Cadbury had also operated a factory in Dunedin in New Zealand's South Island until its closure in March 2018. In 1930, Cadbury partnered with local confectionery businessman Richard Hudson, who owned a chocolate, confectionery, biscuit factory on Castle Street. Hudson's factory was rebranded as Cadbury Hudson and later became known as the Cadbury Confectionery. Cadbury later established a second factory in Auckland in the North Island. In 2003, Cadbury established a tourist attraction on the premises of the Dunedin factory known as Cadbury World, which featured a large chocolate waterfall. In 2007, Cadbury closed down its Auckland factory, leading to the loss of 200 jobs. In 2009, the Cadbury Dunedin factory attracted criticism from consumers and local environmentalists when it replaced cocoa butter with palm oil. In response, the company backtracked but still retained palm oil as a filling in some ingredients. Over the next several years, Cadbury began downsizing its products, including trimming chocolate blocks in 2015.

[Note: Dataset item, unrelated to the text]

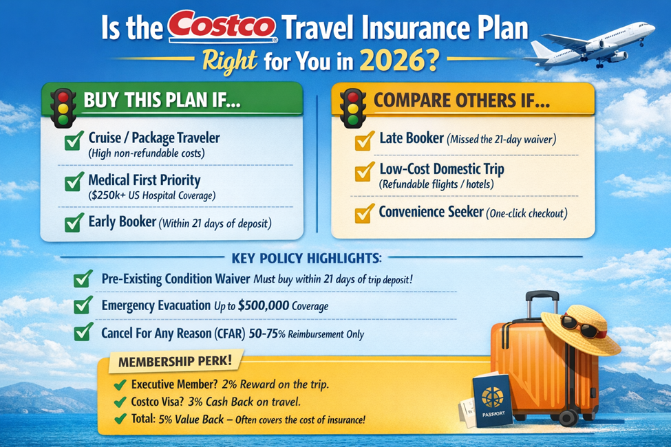 Bottom line: buy Costco Travel Insurance when you are mainly protecting a meaningful prepaid trip investment. Be more skeptical when you are mainly trying to solve for medical risk, low-cost travel, or convenience-driven checkout behavior.

On 16 February 2017, it was reported that Cadbury would be closing its factory in Dunedin, New Zealand by March 2018. This is estimated to lead to the loss of 350 jobs. Amanda Banfield, Mondelez's vice-president for Australia, New Zealand, and Japan, clarified that the closure was done due to Mondelez's decision to shift chocolate manufacturing to Cadbury's Australian factories. However, Mondelez has also confirmed that Dunedin's Cadbury World tourist attraction would remain open due to its popularity with tourists.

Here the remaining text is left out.